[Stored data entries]
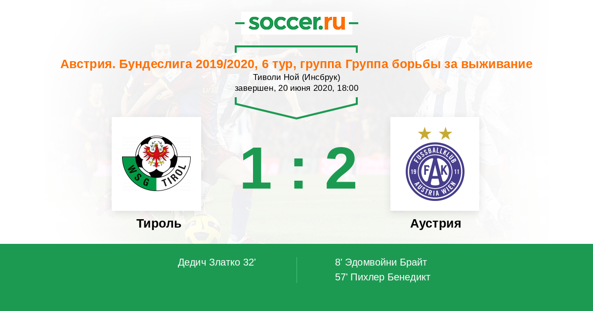 Протокол матча Тироль против Аустрия
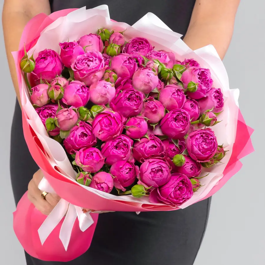 Кустовая Пионовидная Розовая Роза 11 шт - пример оформления на фото. Состоит из: Розовая роза кустовая пионовидная - 11 шт,
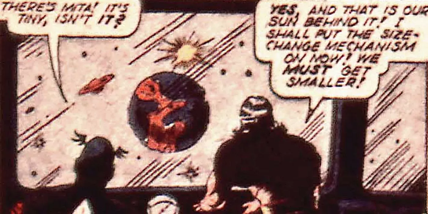La primera aparici贸n cronol贸gica del Microverso en los c贸mics fue el planeta microsc贸pico de Mita. Debut贸 en la historia de Ray Cummings y Syd Shores "The Princess of the Atom" de Captain America Comics #26 (mayo de 1943). Una mujer llamada Dianne Ferrule busc贸 al Capit谩n Am茅rica y a Bucky para que la ayudaran a salvar el mundo de Mita.
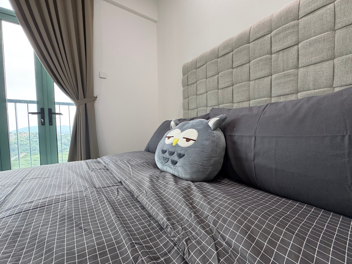 Stunning Sea view from the house. Chilling at the balcony. Swimming pool@level 6 Living Room, Queen Size bedroom, private sofa bed corner with curtains. Ensuite bathroom with hot and cold water shower. Large refrigerator with ice cube , mini kitchen with electric cooker, pot,plate,spoon,fork are available . Light cook at the kitchen. Filter water machine hot and warm. Please select 3 guest if you need single bed setting convert from sofa bed.
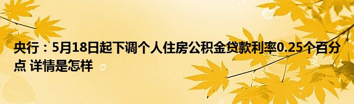 【央行:5月18日起下调个人住房公积金贷款利率0.25个百分点】大家可以一起来了解一下这是什么情况!
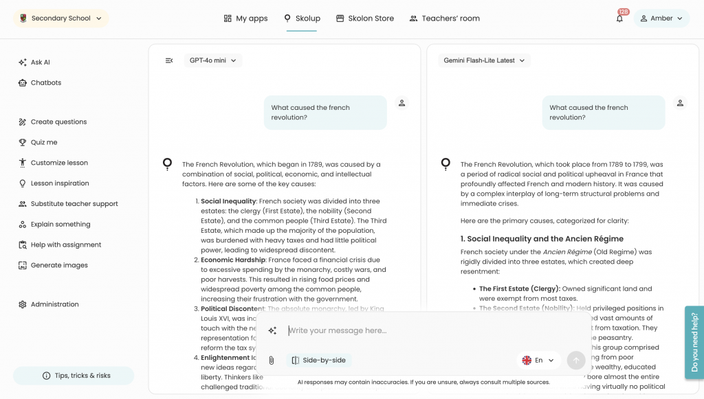 By providing a platform for comparing multiple AI models, Skolup actively combats single-source bias and encourages a more nuanced and critical approach to AI-generated information.
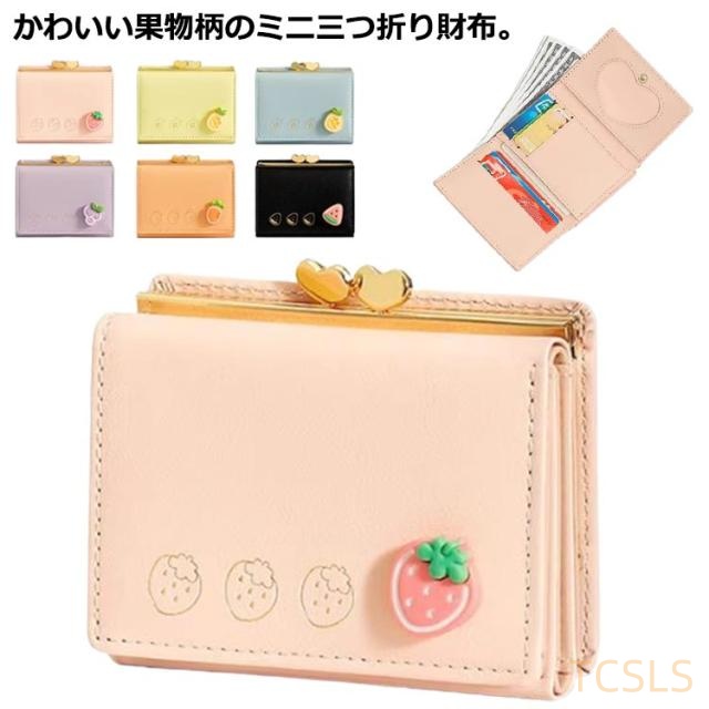 小さい財布 小銭入れ コンパクト レディース 三つ折り財布 かわいい フルーツ柄 ミニウォレット ハート柄 がま口 ミニ財布 カード入れ お札折らない ミニ財布 使いやすい スリム 薄型 カードケース コインケース ゴールド金具 女の子 学生 高校生 女子
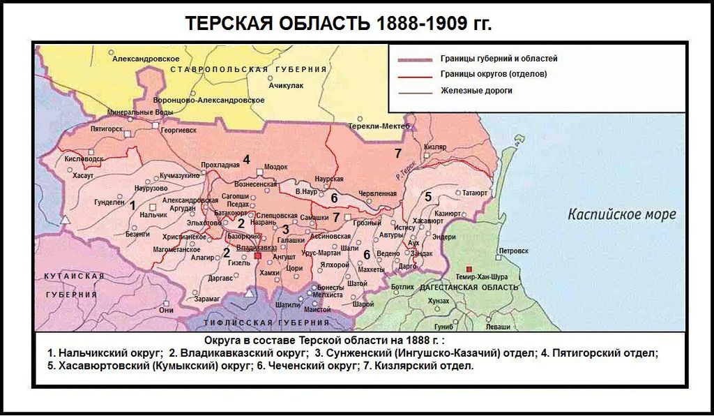 Станицы Терских казаков К 1917 году территория Терских казаков состояла из полковых отделов: Пятигорского, Кизлярского, Сунженского, Моздокского, а горная часть делилась на округа: Нальчикский, Владикавказский, Веденский, Грозненский, Назрановский и Хасав-Юртовский. Областной центр во Владикавказе, центры отделов в Пятигорске, Моздоке, Кизляре и станице Старосунженской. Кизлярский отдел: Центр отдела г. Кизляр Александрийская у станицы было 20 хуторов. Александро-Невская у станицы было 3 хутора. Петропавловская Дубовская — (Пугачёв, Емельян Иванович — некоторое время был приписан к этой станице) у станицы было 4 хутора. Бороздиновская у станицы было 9 хуторов. Каргалинская (она же Каргинская)- (Пугачёв, Емельян Иванович — был приписан к станице затем был выбран атаманом Терского Семейного войску, затем арестован сторонниками прежнего атамана и отправлен в Моздок) у станицы было 3 хутора. Курдюковская у станицы было 3 хутора. Старогладовская (в XIX веке жил граф Л. Н. Толстой, сохранился дом) у станицы было 3 хутора. Гребенская у станицы было 3 хутора. Шелковская у станицы был 1 хутор. Старощедринская у станицы было 7 хуторов. Червлённая (в XIX веке жил М. Ю. Лермонтов, Л. Н. Толстой, Дюма) у станицы было 8 хуторов. Николаевская у станицы было 8 хуторов. Моздокский отдел: Центр отдела г. Моздок Калиновская у станицы было 29 хуторов. Савельевская Мекенская Наурская Ищерская (Пугачёв, Емельян Иванович — проживал в 1772 г.; Сафонов, Илья Иванович (1825—1896) — казачий генерал, герой Кавказской войны; Сафонов, Василий Ильич (1852—1918) — знаменитый дирижёр, пианист, директор Москавской консерватории; Книпер, Анна Васильевна (1893—1975) — последняя жена адмирала Колчака; Ложкин Николай — атаман станицы, предательски убит чеченцами в 2003 г.) Галюгаевская Стодеревская Котляревская Александровская Луковская Новоосетиновская Черноярская Павлодольская Терская Сунженский отдел: Центр отдела ст. Слепцовская Грозненская (включена в г. Грозный) у станицы был 1 хутор (Мамакаевский)(совр. Первомайская станица) Ильиновская Петропавловская Ермоловская (совр. Алханкала) Барятинская (совр. Горячеисточнинская) у станицы был 1 хутор. Кахановская (первоначально Умаханюртовская) — уничтожена в 1917 г. Романовская (совр. Закан-Юрт) (первоначально Заканюртовская) Самашкинская, совр. Самашки Михайловская Серноводская Слепцовская (б. Сунженская), совр. Орджоникидзевская Троицкая Карабулакская (совр. город Карабулак) Вознесенская (первоначально Магомедюртовская) Ассиновская Нестеровская Фельдмаршальская (совр. Алхасты) Промежуточная (Куртат) Воронцово-Дашковская (Комгарон) Сунженская (Сунжа) Камбилеевская (Октябрьское) Камбилеевская (упразднена) Змейская Николаевская Ардонская (совр. Ардон), хутор Ардонский (совр. поселок Мичурино) Архонская Тарская (Тарское) Пятигорский отдел: Центр отдела г. Пятигорск Александрийская Александровская Бекешевская Боргустанская Георгиевская Горячеводская Государственная (совр. Советская) Екатеринградская Ессентукская Зольская Кисловодская Курская Лысогорская Марьинская Незлобная Подгорная Приближная Прохладная Новопавловская Незлобная Старопавловская Солдатская В марте 1920 декретом Всероссийского ЦИКа Терская область была расформирована, а Чеченский (объединённый с Ичкерийским) и Ингушский (объединённый с Нагорным) округа стали самостоят

▶ Exercise goal: From the first line to the last, output the records exactly without pictures.

▶ Result of this exercise:
 Протокол матча Тироль против Аустрия
 Кустовая Пионовидная Розовая Роза 11 шт - пример оформления на фото. Состоит из: Розовая роза кустовая пионовидная - 11 шт,
La primera aparici贸n cronol贸gica del Microverso en los c贸mics fue el planeta microsc贸pico de Mita. Debut贸 en la historia de Ray Cummings y Syd Shores "The Princess of the Atom" de Captain America Comics #26 (mayo de 1943). Una mujer llamada Dianne Ferrule busc贸 al Capit谩n Am茅rica y a Bucky para que la ayudaran a salvar el mundo de Mita.
 Stunning Sea view from the house. Chilling at the balcony. Swimming pool@level 6 Living Room, Queen Size bedroom, private sofa bed corner with curtains. Ensuite bathroom with hot and cold water shower. Large refrigerator with ice cube , mini kitchen with electric cooker, pot,plate,spoon,fork are available . Light cook at the kitchen. Filter water machine hot and warm. Please select 3 guest if you need single bed setting convert from sofa bed.
 【央行:5月18日起下调个人住房公积金贷款利率0.25个百分点】大家可以一起来了解一下这是什么情况!
 By providing a platform for comparing multiple AI models, Skolup actively combats single-source bias and encourages a more nuanced and critical approach to AI-generated information.
 小さい財布 小銭入れ コンパクト レディース 三つ折り財布 かわいい フルーツ柄 ミニウォレット ハート柄 がま口 ミニ財布 カード入れ お札折らない ミニ財布 使いやすい スリム 薄型 カードケース コインケース ゴールド金具 女の子 学生 高校生 女子
 Станицы Терских казаков К 1917 году территория Терских казаков состояла из полковых отделов: Пятигорского, Кизлярского, Сунженского, Моздокского, а горная часть делилась на округа: Нальчикский, Владикавказский, Веденский, Грозненский, Назрановский и Хасав-Юртовский. Областной центр во Владикавказе, центры отделов в Пятигорске, Моздоке, Кизляре и станице Старосунженской. Кизлярский отдел: Центр отдела г. Кизляр Александрийская у станицы было 20 хуторов. Александро-Невская у станицы было 3 хутора. Петропавловская Дубовская — (Пугачёв, Емельян Иванович — некоторое время был приписан к этой станице) у станицы было 4 хутора. Бороздиновская у станицы было 9 хуторов. Каргалинская (она же Каргинская)- (Пугачёв, Емельян Иванович — был приписан к станице затем был выбран атаманом Терского Семейного войску, затем арестован сторонниками прежнего атамана и отправлен в Моздок) у станицы было 3 хутора. Курдюковская у станицы было 3 хутора. Старогладовская (в XIX веке жил граф Л. Н. Толстой, сохранился дом) у станицы было 3 хутора. Гребенская у станицы было 3 хутора. Шелковская у станицы был 1 хутор. Старощедринская у станицы было 7 хуторов. Червлённая (в XIX веке жил М. Ю. Лермонтов, Л. Н. Толстой, Дюма) у станицы было 8 хуторов. Николаевская у станицы было 8 хуторов. Моздокский отдел: Центр отдела г. Моздок Калиновская у станицы было 29 хуторов. Савельевская Мекенская Наурская Ищерская (Пугачёв, Емельян Иванович — проживал в 1772 г.; Сафонов, Илья Иванович (1825—1896) — казачий генерал, герой Кавказской войны; Сафонов, Василий Ильич (1852—1918) — знаменитый дирижёр, пианист, директор Москавской консерватории; Книпер, Анна Васильевна (1893—1975) — последняя жена адмирала Колчака; Ложкин Николай — атаман станицы, предательски убит чеченцами в 2003 г.) Галюгаевская Стодеревская Котляревская Александровская Луковская Новоосетиновская Черноярская Павлодольская Терская Сунженский отдел: Центр отдела ст. Слепцовская Грозненская (включена в г. Грозный) у станицы был 1 хутор (Мамакаевский)(совр. Первомайская станица) Ильиновская Петропавловская Ермоловская (совр. Алханкала) Барятинская (совр. Горячеисточнинская) у станицы был 1 хутор. Кахановская (первоначально Умаханюртовская) — уничтожена в 1917 г. Романовская (совр. Закан-Юрт) (первоначально Заканюртовская) Самашкинская, совр. Самашки Михайловская Серноводская Слепцовская (б. Сунженская), совр. Орджоникидзевская Троицкая Карабулакская (совр. город Карабулак) Вознесенская (первоначально Магомедюртовская) Ассиновская Нестеровская Фельдмаршальская (совр. Алхасты) Промежуточная (Куртат) Воронцово-Дашковская (Комгарон) Сунженская (Сунжа) Камбилеевская (Октябрьское) Камбилеевская (упразднена) Змейская Николаевская Ардонская (совр. Ардон), хутор Ардонский (совр. поселок Мичурино) Архонская Тарская (Тарское) Пятигорский отдел: Центр отдела г. Пятигорск Александрийская Александровская Бекешевская Боргустанская Георгиевская Горячеводская Государственная (совр. Советская) Екатеринградская Ессентукская Зольская Кисловодская Курская Лысогорская Марьинская Незлобная Подгорная Приближная Прохладная Новопавловская Незлобная Старопавловская Солдатская В марте 1920 декретом Всероссийского ЦИКа Терская область была расформирована, а Чеченский (объединённый с Ичкерийским) и Ингушский (объединённый с Нагорным) округа стали самостоят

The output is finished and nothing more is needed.